Sur les sentiers du Monde

La Thaïlande

L’arrivée

Le mois passé au Laos a placé la barre très haut en terme de paysages, d’aventures et d’authenticité. Quand nous traversons le Mékong en Pirogue pour passer en Thaïlande, nous sommes pleins d’espoirs pour la suite. Nous avons croisés quelques personnes dernièrement qui nous ont pas mal chauffés pour ce pays. Notre embarcation nous débarque à Chiang Kong. Tout de suite, le ton est donné: c’est « Retour vers le futur ». Tout est plus avancé technologiquement: les voitures, les distributeurs de billets partout, les seven eleven (genre de 8 à 8), les bus modernes, les pylônes électriques géants. Nous avons presque l’impression dêtre revenus à la maison. La seule chose qui nous fait douter, ce sont ces dessins bizarres partout (la langue Thai), et ces temples bouddhistes que l’on voit à chaque coin de rue.

Chiang Rai

Plus de deux heures de bus après Chiang Kong, et nous voilà à Chiang Rai. Un petit tour en tuk tuk nous permet de constater que la première guesthouse que nous visitons est complète. Voilà, ça devait arriver, nous sommes au début de la saison touristique. Cela devait bien arriver un jour. Jusqu’ici, nous avions eu la chance de faire quasiment tous les pays hors saison, mais là, ça part plutôt mal on dirait. nous suivons alors les conseils du pilote du Tuk Tuk, et nous nous rendons à une seconde auberge. Il y a de la place, ce n’est pas cher, alors nous prenons une chambre sans trop hésiter. Après un moment passé à nos reposer et manger un morceau, nous réalisons que la quasi totalité des clients ici sont français. La réponse à « qu’est ce qu’ils font tous là ? » est trouvée rapidement. Ils ont tous le guide du routard, et cet hotel est dans ce livre, donc, ils viennent tous là. Nous passons l’après-midi à nous reposer ici, et nous sympathisons avec deux couples (français) qui démarrent un tour de six mois en Asie du sud est, mais on croise aussi des touristes qui nous conseillent un hôtel à Pukhet (une des villes les plus touristiques de la planète) avec une grande piscine, tout ça pour pas cher (3 fois notre budget journalier).
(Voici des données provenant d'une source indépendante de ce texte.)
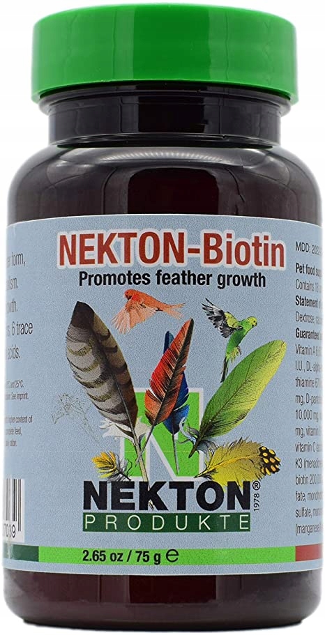 НЕКТОН-Біотин - спеціальний препарат для росту пір'я та слід завжди використовувати у разі дефектів або пошкодження оперення через дефіцит поживних речовин. Багаторічний досвід дозволив створити ефективний препарат, що містить амінокислоти (аргінін, метіонін, лізин), вітамін А, вітамін Е та біотин. Окрім вищевказаних речовин, НЕКТОН-Біотин також містить 10 важливих вітамінів, 6 мікроелементів, кальцій та інші важливі інгредієнти, корисні для здоров'я птахів.

Vous l’aurez compris, dans ce pays, on croise des voyageurs et des vacanciers, ça nous change des derniers mois.

Les trois journée qui suivent sont consacrées à la visite des alentours de Chiang Mai. Pour cela, nous reprenons les bonnes habitudes que nous avions prises au Laos, et louons une moto. Le premier jour, nous visitons le magnifique temple blanc et une cascade assez jolie, le deuxième jour, nous montons jusqu’au triangle d’or, mais c’est globalement une grosse déception. A part un grand bouddha de 10 mètres de haut, il n’y a que des boutiques de souvenirs, et le paysage est plutôt moche. Le troisième et dernier jour, nous nous baladons dans la campagne, alternant routes et pistes a travers des villages d’autochtones, nous attendant derrière le comptoir de leur boutique de souvenirs. Bref, c’est quelques journées étaient sympa, mais ne seront pas présentes dans nos mémoires très longtemps.

Chiang Mai

Un après-midi de bus, et nous voilà à Chiang Rai. La plus grande ville du nord de la Thailande. En fait, la partie intéressante se situe en grande partie à l’intérieur des remparts. Allez pas vous imaginer Carcassonne, il s’agit plus d’un mur délabré, voire absent par endroits que de vraies fortifications, et l’intérieur de la « vieille ville » n’a rien d’antique. On tourne un peu pour trouver une guesthouse pas trop cher où il y a de la place. Une fois installés, on se balade un peu vers le sunday market, mais le coeur n’y est pas. On se demande vraiment ce qu’on fout là au milieu de ces milliers de touristes. Nous décidons de bouger le lendemain matin.

Paï

Encore un après-midi de bus, et nous voilà dans les rues de Paï, petite ville au nord ouest de Chiang Mai. Le Lonely Planet de la Thaïlande (que nous commençons à trouver très nul), dit que c’est un village charmant au milieu d’un superbe décor…Mouais, on est encore dans des rues blindées de touristes, le village n’a rien de spécial, et le décor des alentours est constitué de collines quelconques. On se cale quand même dans un bungalow pas trop cher, et on loue une moto pour quelques jours. Nous visitons les quelques spots à voir pas loin de la ville: des villages d’autochtones très peu authentiques, de petites cascades sympa mais sans plus, de temples quelconques, etc….

A dos d’éléphant

La seule journée mémorable que nous ayons vécue est celle où nous avons fait un tour en éléphant. Nous avons déjà fait un tour à dos d’éléphant au Laos, alors pourquoi en refaire un ici ? Parce que nous avons croisé un couple de français (ils sont partout dans ce pays) qui nous a conseillé de le faire. On se balade alors au milieu des boites qui emmènent les pachydermes montés par les touristes. C’est super sympa de jouer avec eux en leur donnant des bananes à manger. Nous choisissons la boîte la plus éloignées de la ville, et aussi qui nous fait le meilleur prix après négociations. Nous montons alors sur le dos de ce mastodonte, et nous voilà partis pour une heure de balade. Au bout de quelques minutes, le cornac (le pilote) descend, et laisse AnneK assise sur la tête avec ses jambes derrière les grandes oreilles de Dumbo. Nous traversons d’abord une zone un peu chaotique en suivant une petite piste. On passe plus de temps à éviter ou repousser les branches des arbres qu’autre chose, mais c’est plutôt marrant et beaucoup moins aseptisé que la balade que nous avions faite au Laos.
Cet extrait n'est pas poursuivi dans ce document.